[Source records]
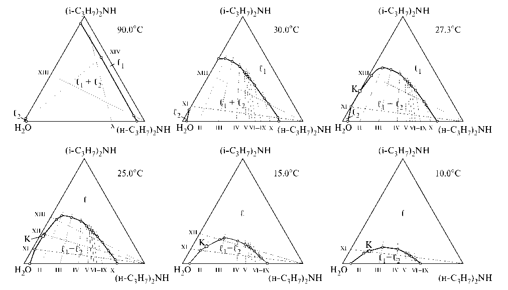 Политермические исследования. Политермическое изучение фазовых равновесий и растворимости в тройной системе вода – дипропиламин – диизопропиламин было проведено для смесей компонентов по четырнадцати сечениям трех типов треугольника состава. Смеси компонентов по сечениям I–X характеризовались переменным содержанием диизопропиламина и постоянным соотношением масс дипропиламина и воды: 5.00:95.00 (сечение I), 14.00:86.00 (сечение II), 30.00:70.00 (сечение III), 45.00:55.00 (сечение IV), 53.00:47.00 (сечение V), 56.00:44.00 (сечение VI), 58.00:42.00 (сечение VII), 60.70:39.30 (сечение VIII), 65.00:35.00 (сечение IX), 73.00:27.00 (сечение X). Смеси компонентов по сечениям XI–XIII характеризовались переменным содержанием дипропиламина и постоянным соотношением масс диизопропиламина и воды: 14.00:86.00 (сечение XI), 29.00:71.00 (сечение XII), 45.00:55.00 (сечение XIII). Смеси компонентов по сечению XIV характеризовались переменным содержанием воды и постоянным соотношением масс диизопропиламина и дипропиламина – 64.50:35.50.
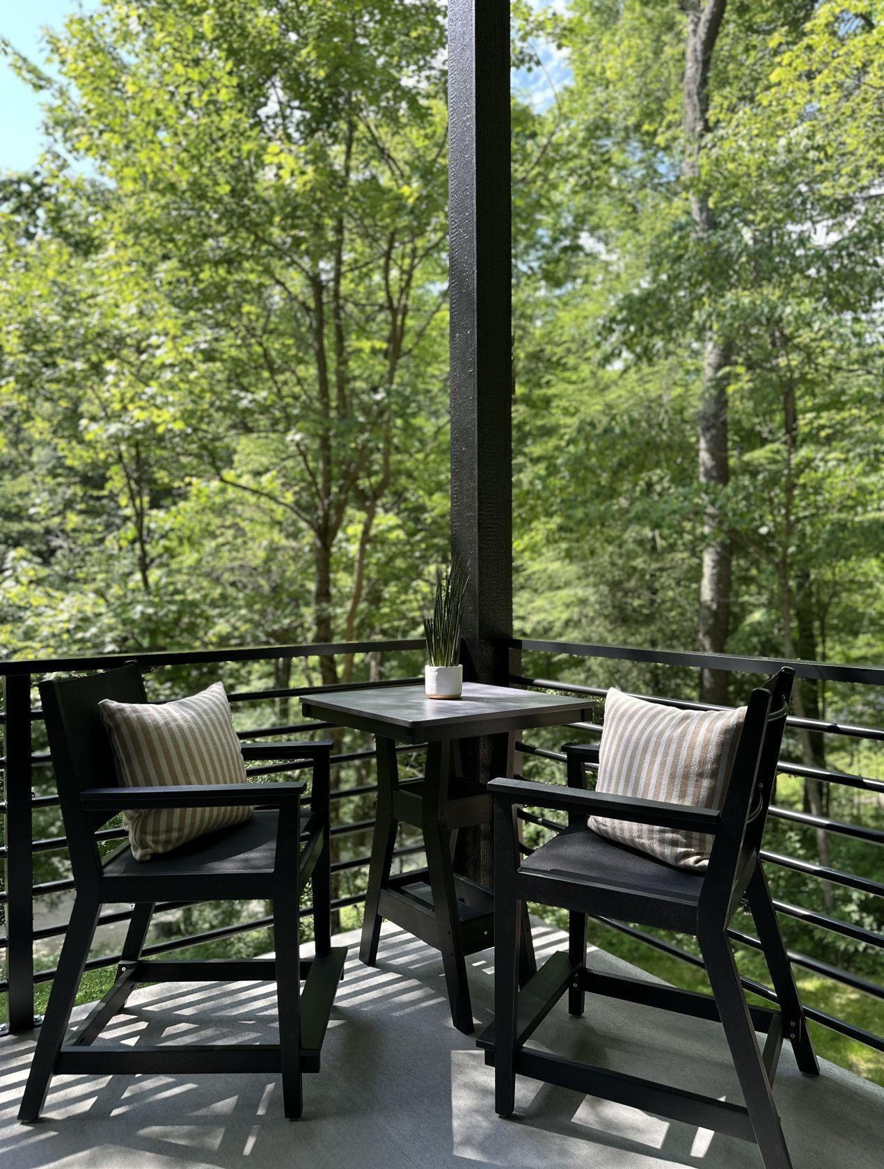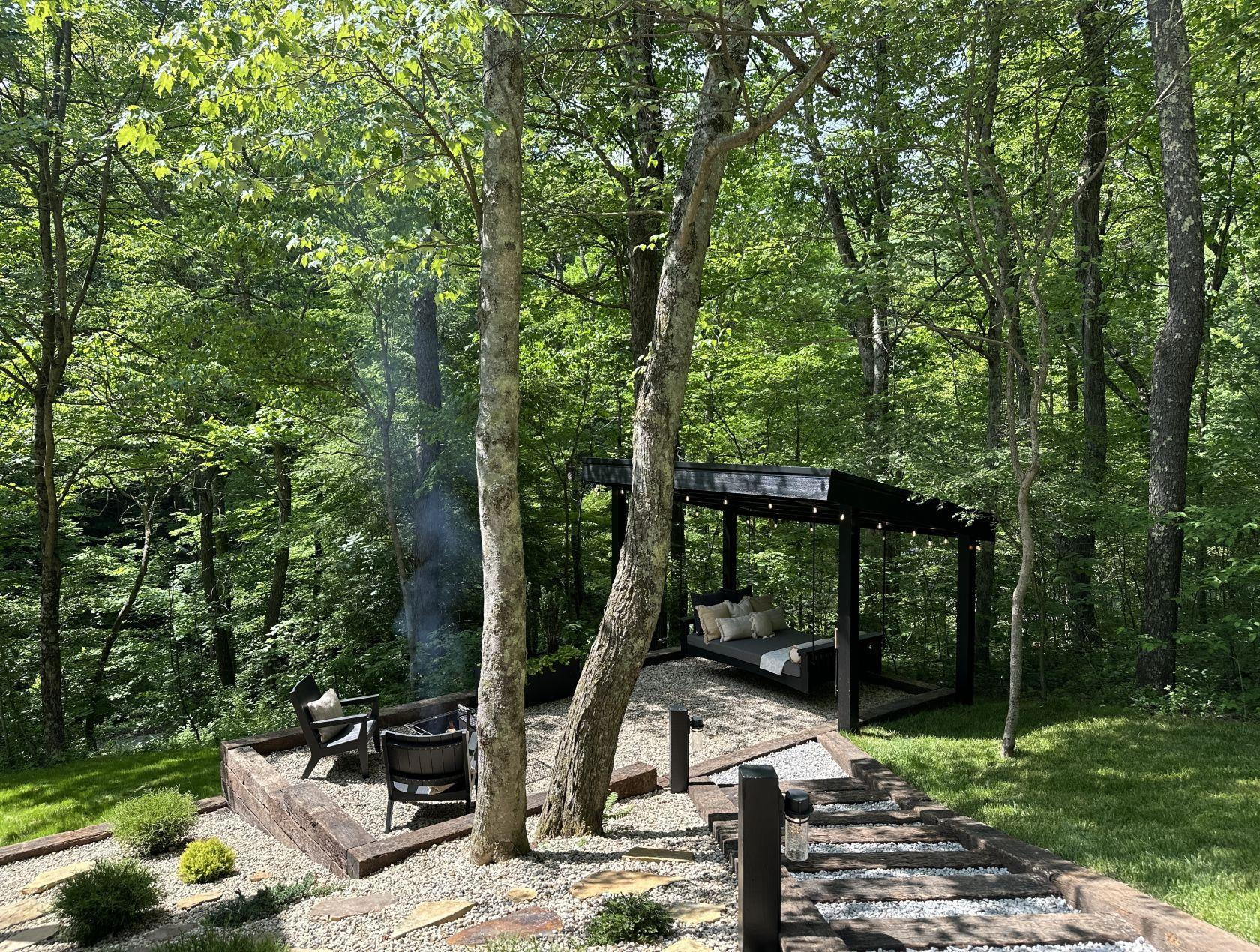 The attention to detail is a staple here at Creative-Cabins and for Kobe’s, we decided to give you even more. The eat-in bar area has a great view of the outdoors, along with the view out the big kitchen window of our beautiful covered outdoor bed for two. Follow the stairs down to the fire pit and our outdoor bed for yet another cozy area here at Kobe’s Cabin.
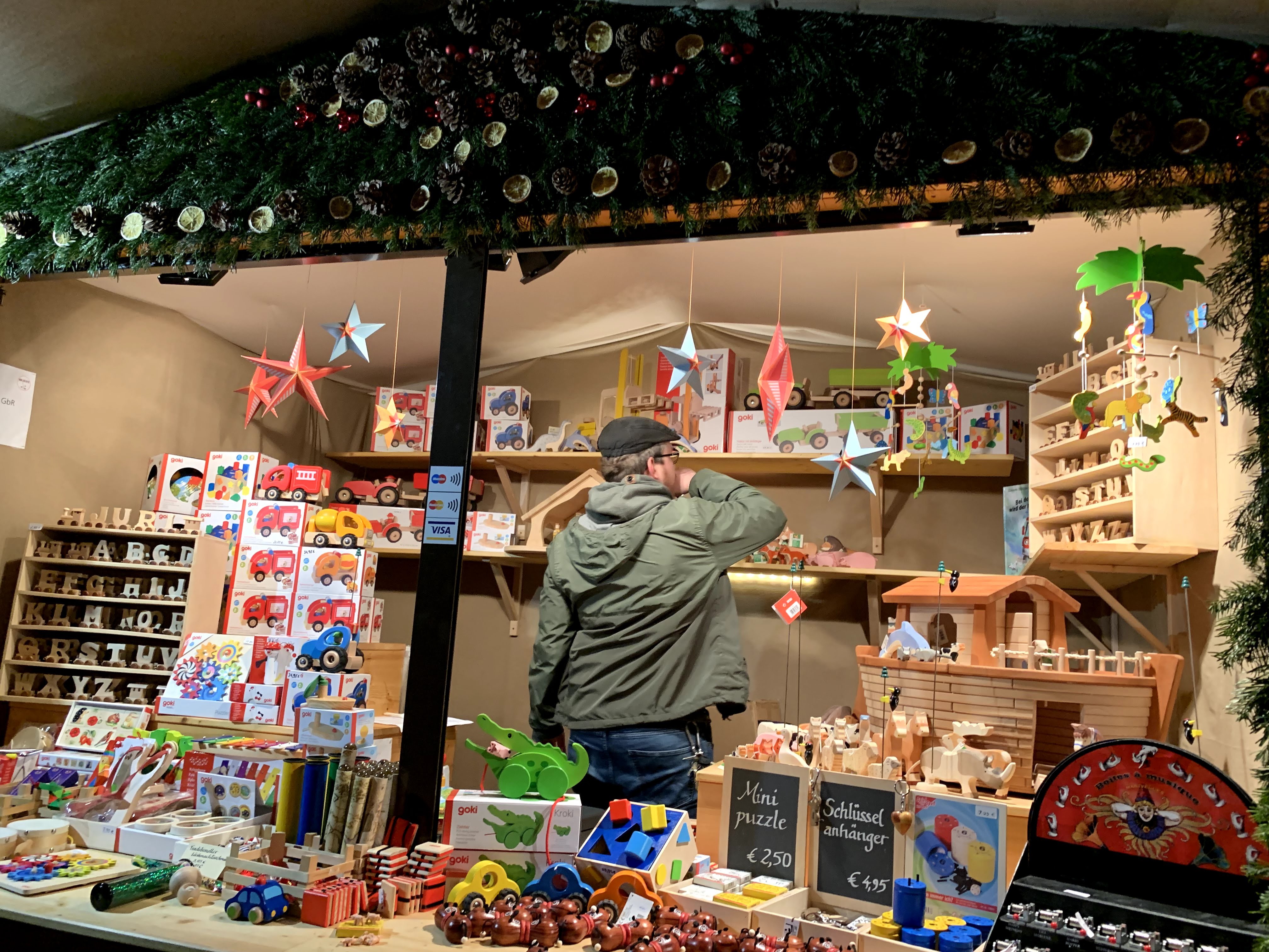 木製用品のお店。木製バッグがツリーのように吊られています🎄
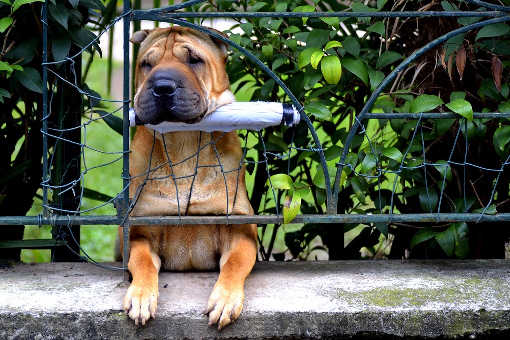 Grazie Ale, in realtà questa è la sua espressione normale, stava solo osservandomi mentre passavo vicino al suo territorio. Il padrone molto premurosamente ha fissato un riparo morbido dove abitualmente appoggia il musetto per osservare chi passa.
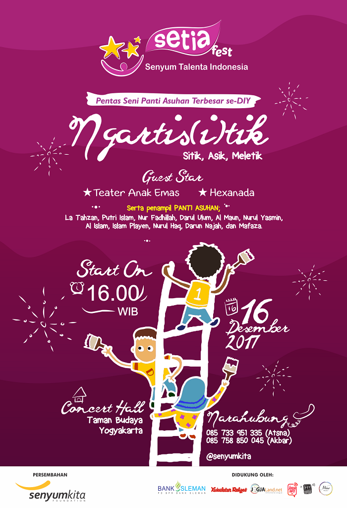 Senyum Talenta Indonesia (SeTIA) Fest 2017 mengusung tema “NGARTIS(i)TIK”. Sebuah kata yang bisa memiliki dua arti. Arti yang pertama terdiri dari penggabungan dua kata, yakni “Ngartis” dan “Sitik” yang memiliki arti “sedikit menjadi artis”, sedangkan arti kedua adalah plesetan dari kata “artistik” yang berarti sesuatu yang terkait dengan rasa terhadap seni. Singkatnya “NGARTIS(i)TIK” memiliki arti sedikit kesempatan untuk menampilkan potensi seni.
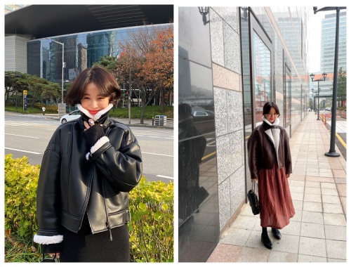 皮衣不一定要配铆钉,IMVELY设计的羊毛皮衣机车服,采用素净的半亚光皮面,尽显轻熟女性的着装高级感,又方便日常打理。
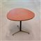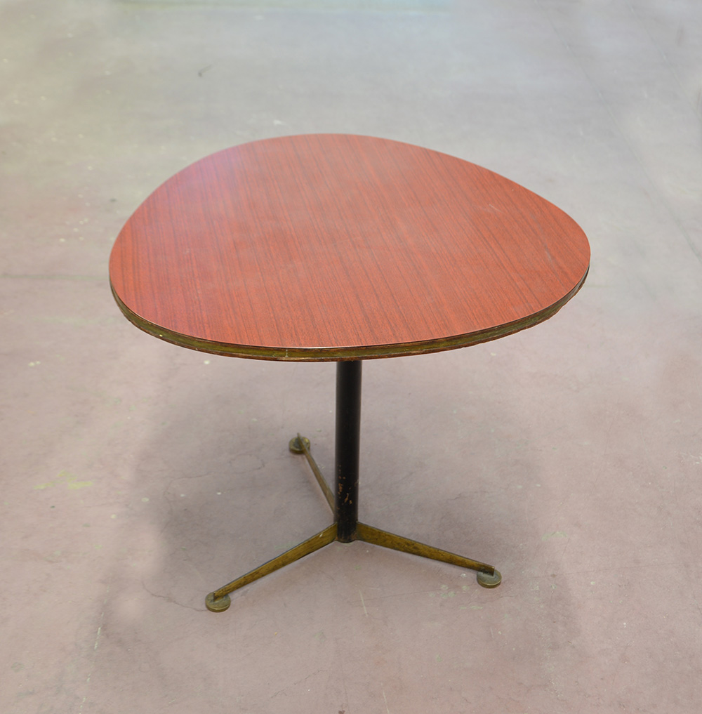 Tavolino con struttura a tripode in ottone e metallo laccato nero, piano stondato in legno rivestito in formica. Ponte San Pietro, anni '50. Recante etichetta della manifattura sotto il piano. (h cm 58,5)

What the task asks = What are the lines in the records above, word for word, from the one containing "木製用品のお店。木製バッグがツリーのように吊られています🎄" through the one containing "Grazie Ale, in", both ends included and pictures left out?

Your response =
 木製用品のお店。木製バッグがツリーのように吊られています🎄
 Grazie Ale, in realtà questa è la sua espressione normale, stava solo osservandomi mentre passavo vicino al suo territorio. Il padrone molto premurosamente ha fissato un riparo morbido dove abitualmente appoggia il musetto per osservare chi passa.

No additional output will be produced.